ABOUT THIS EXERCISE » Give the listing again, word for word, and let no picture into it.

DATA BELOW »
○ ○ ○ ○
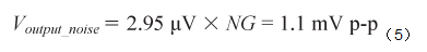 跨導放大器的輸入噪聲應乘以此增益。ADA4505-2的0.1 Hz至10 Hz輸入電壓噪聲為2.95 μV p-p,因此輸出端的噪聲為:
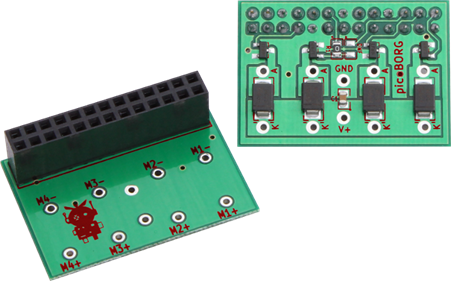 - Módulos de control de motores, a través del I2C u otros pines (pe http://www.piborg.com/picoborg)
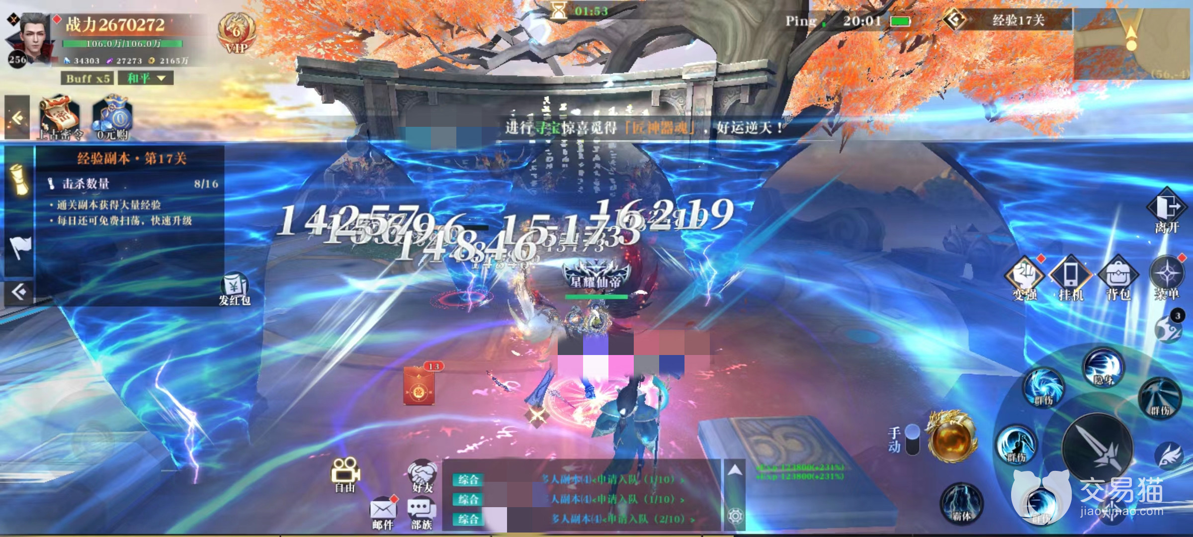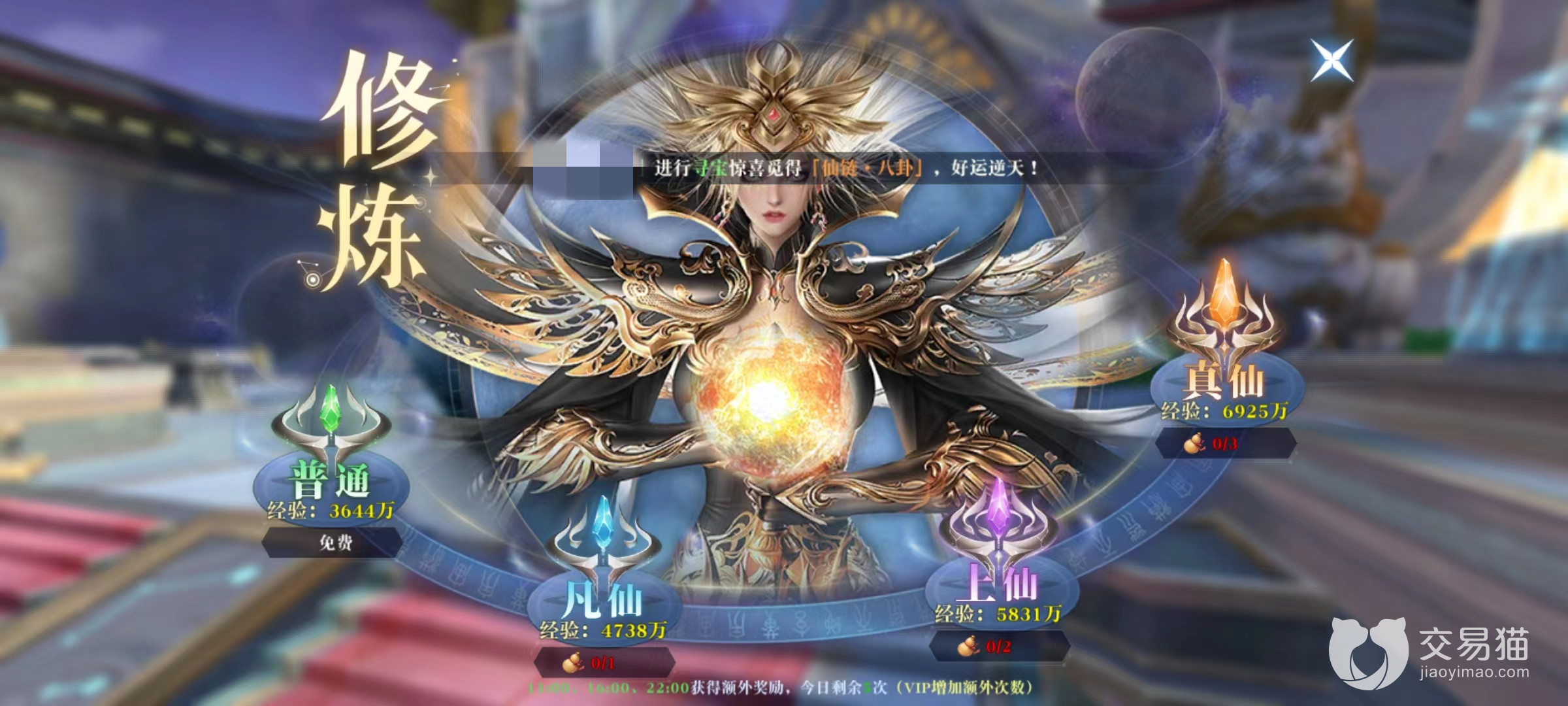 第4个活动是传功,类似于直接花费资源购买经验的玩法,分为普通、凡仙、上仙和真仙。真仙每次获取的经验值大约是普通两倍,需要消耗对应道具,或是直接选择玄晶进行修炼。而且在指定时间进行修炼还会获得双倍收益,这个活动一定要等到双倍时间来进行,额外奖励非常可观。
○ ○ ○ ○
THE COMPLETED TASK »
 跨導放大器的輸入噪聲應乘以此增益。ADA4505-2的0.1 Hz至10 Hz輸入電壓噪聲為2.95 μV p-p,因此輸出端的噪聲為:
 - Módulos de control de motores, a través del I2C u otros pines (pe http://www.piborg.com/picoborg)
 第4个活动是传功,类似于直接花费资源购买经验的玩法,分为普通、凡仙、上仙和真仙。真仙每次获取的经验值大约是普通两倍,需要消耗对应道具,或是直接选择玄晶进行修炼。而且在指定时间进行修炼还会获得双倍收益,这个活动一定要等到双倍时间来进行,额外奖励非常可观。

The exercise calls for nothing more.